Neptune documentation says they support "Set" property cardinality only on property data imported via CSV, which means there is no way that a newly arrived property value could overwrite the old property value on the same vertex, on the same property.
For example, if the first CSV imports
~id,~label,age
Marko,person,29
then Marko has a birthday & a second CSV imports
~id,~label,age
Marko,person,30
'Marko' vertex 'age' property will contain both age values, which doesn't seem useful.
AWS says this (collapsing Set to Single cardinality properties (keeping the last arrived value only) needs to be done with post-processing, via Gremlin traversals.
Does this mean that there should be a traversal that continuously scanning Vertexes with multiple (Set) properties and set the property once again with Single cardinality, with the last value possible? IF so, what is the optimal Gremlin query to do do that?
In pseudo-Gremlin i'd imagine something like:
g.V().property(single, properties(*), _.tail())
Is there a guarantee at all that Set-cardinality properties are always listed in order of arrival?
Or am i completely on the wrong track here.
Any help would be appreciated.
Update: So the best thing i was able to come with up so far is still far from a perfect solution, but it still might be useful for someone in my shoes.
In Plan A if we happen to know the property names and the order of arrival does not matter at all (just want single cardinality on these props), the traversal for all vertexes could be something like:
g.V().has(${propname}).where(property(single, ${propname}, properties(${propname}).value().order().tail() ) )
The plan B is to collect new property values under temporary property names in the same vertex (eg. starting with _), and traverse through vertexes having such temporary property names and set original properties with their tailed values with single cardinality:
g.V().has(${temp_propname}).where(property(single, ${propname}, properties(${temp_propname}).value().order().tail() ) ).properties('temp_propname').drop()

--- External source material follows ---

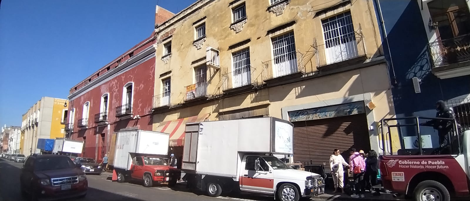 #Puebla 🚨 Con uso de la fuerza pública, desalojan vecindad ubicada en la calle 5 Poniente 336. Inquilinos dicen que solo llegaron los policías a sacarlos. Serían alrededor de 10 personas las afectadas. Personas que han acudido a apoyar no tienen permiso de ingresar. pic.twitter.com/j7nIzjEtxR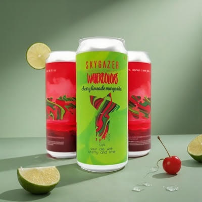 - Skygazer Watercolors Margarita 6/4/16oz CANS – Sour Ale with Cherry, Lime. Margarita vibes. . Watercolors Cherry Limeade Margarita is bright, refreshing. 5.5% ABV- CT

The Plan C, which would be the coolest, but unfortunately does not work, is to keep collecting property values in a dedicated vertex, with epoch timestamps as property names, and property values as their values:
g.V(${vertexid}).out('has_propnames').properties()
==>vp[1542827843->value1]
==>vp[1542827798->value2]
==>vp[1542887080->latestvalue]
and sort the property names (keys), take the last one, and use its value to keep THE main vertex property value up-to-date with the latest value:
g.V().has(${propname}).where(out(${has_these_properties}).count().is(gt(0))).where(property(single, ${propname}, out(${has_these_properties}).properties().value( out(${has_these_properties}).properties().keys().order().tail() ) ) )
Looks like the parameter for value() step must be constant, it can't use the outcome of another traversal as parameter, so i could not get this working. Perhaps someone with more Gremlin experience know a workaround for this.